This unexpected effectiveness suggests something profound: language itself, as a system, appears to have evolved to enable complex thought through simple next-token processes. The truly remarkable insight is that even though we can see the entire "magic trick"—we know there is no explicit planning mechanism beyond generating one token at a time—language somehow contains within itself the capacity to anticipate and construct extended, coherent thoughts. It's as if language evolved specifically to allow complex meaning to emerge from simple sequential prediction. Maybe what we perceive as our careful planning and forethought in communication is actually an emergent property of a system that's generating language one unit at a time, with each unit influencing what comes next. The shocking implication is that our subjective experience of "knowing where we're going" with our thoughts might be an illusion—the system doesn't need to know where it's going to get there. If complex, coherent language can emerge from simple next-token generation in AI systems, perhaps our own linguistic abilities—and even our thoughts themselves—function in a fundamentally similar way.

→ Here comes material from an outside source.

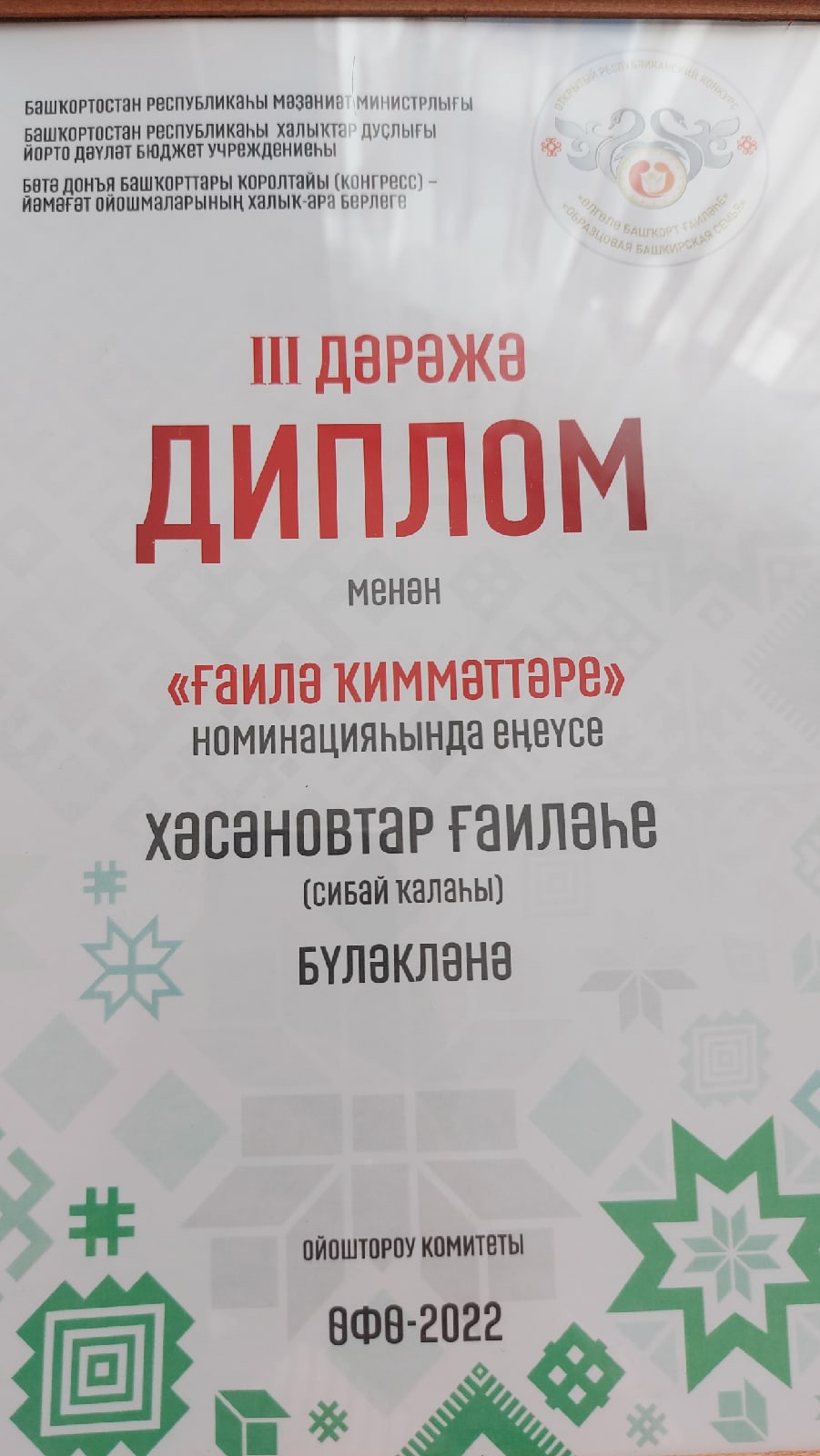 27 февраль дә Өфөлә «Өлгөлө башҡорт ғаиләһе – 2022» асыҡ республика конкурсының еңеүселәре билдәләнде. Хәсәновтар ғаиләһе Сибай ҡалаһы исеменән бәйгелә ярышып «Ғаилә ҡиммәттәре» номинацияһында 3 яуланы.
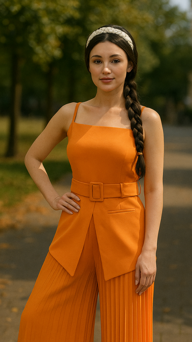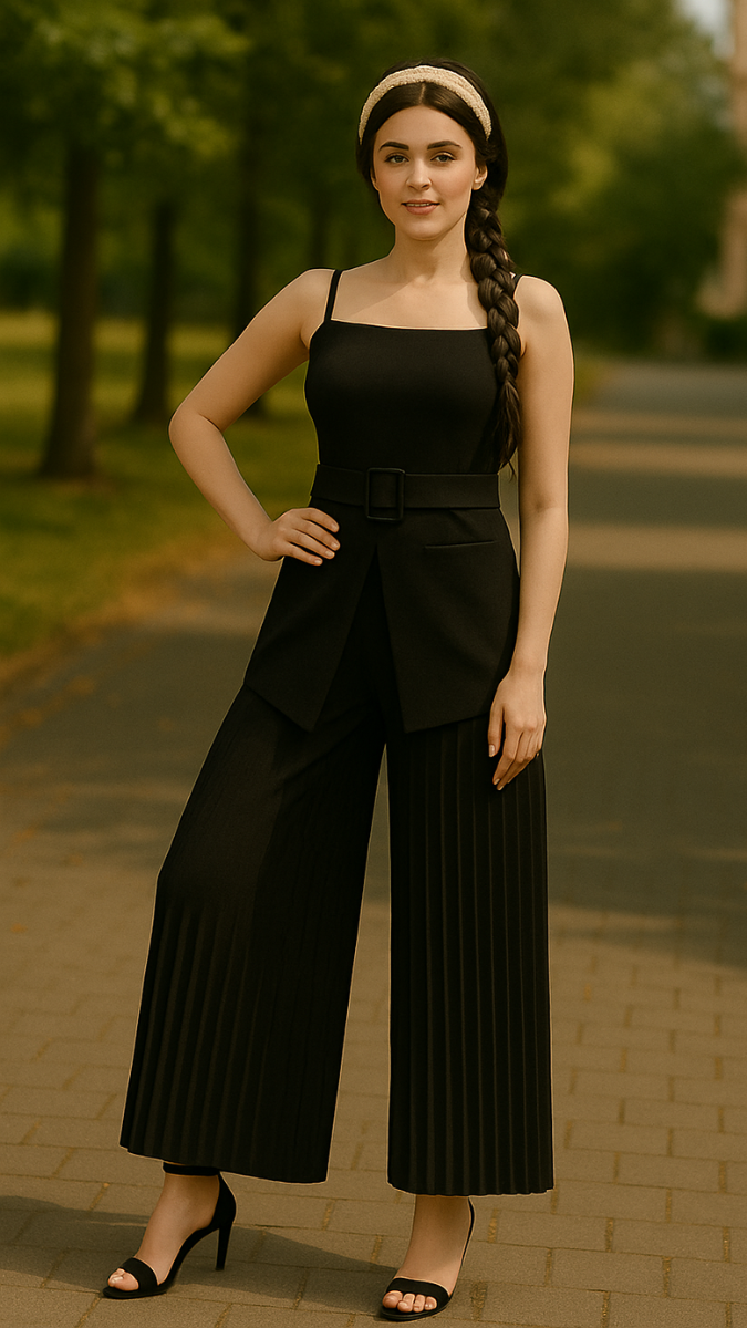 This coordinated set features a stylish front slit strap sleeve top paired with elegant ruffle pants, blending contemporary design with comfort. The top’s slit detail adds a modern edge, while the ruffle pants offer a flattering silhouette and graceful movement. Perfect for both casual outings and semi-formal occasions, this ensemble combines fashion-forward elements with ease of wear. Crafted to enhance your wardrobe with versatility and sophistication.

The discovery that language can operate through simple next-token autoregression presents us with two profound mysteries that challenge our fundamental understanding of cognition and communication.
The first mystery, as we've just seen, is the appearance of planning and foresight in a system that has none. How can a process that only looks one step ahead create outputs that appear to be guided by long-term objectives? This "illusion of planning" suggests that what we experience as intentional, goal-directed thinking might actually emerge from much simpler sequential processes.
But there's an even deeper mystery: how does a self-contained generative system like language manage to communicate meaningfully about the external world? The parameters of a language model are shaped by exposure to text, not direct experience with reality. Yet somehow, the statistical patterns of language contain within them the capacity to represent and reason about objects, events, and concepts that exist outside of language itself.
This is truly astonishing—language, which appears to operate through purely internal statistical regularities, nevertheless provides a window onto reality. The words "apple," "gravity," and "democracy" don't just predict other words; they connect to actual things and concepts in the world. How does a system built solely on predicting the next word in a sequence develop representations that correspond to reality?
Both of these mysteries—the illusion of planning and the apparent connection to reality—suggest that language doesn't operate the way we've traditionally assumed. These realizations fundamentally upend standard notions of semantics and reference. If language functions through autoregressive generation rather than storage and retrieval, then perhaps words don't "refer" to objects or concepts in the naïve sense at all—whatever "refer" was supposed to mean in traditional theories.
Instead, what we're seeing is that language plays its communicative and thinking roles through some other mechanism entirely. The capacity of language to seemingly represent the world and support reasoning might emerge from statistical patterns of token generation rather than from symbolic reference. This demands a complete rethinking of how language does what it does—from how meaning arises to how communication succeeds to how thought itself operates.
Later in this manuscript, we'll explore these profound implications more thoroughly, but for now, it's enough to recognize that the autoregressive view of language doesn't merely offer an alternative mechanism—it challenges the very foundations of how we conceptualize language, thought, and their relationship to reality.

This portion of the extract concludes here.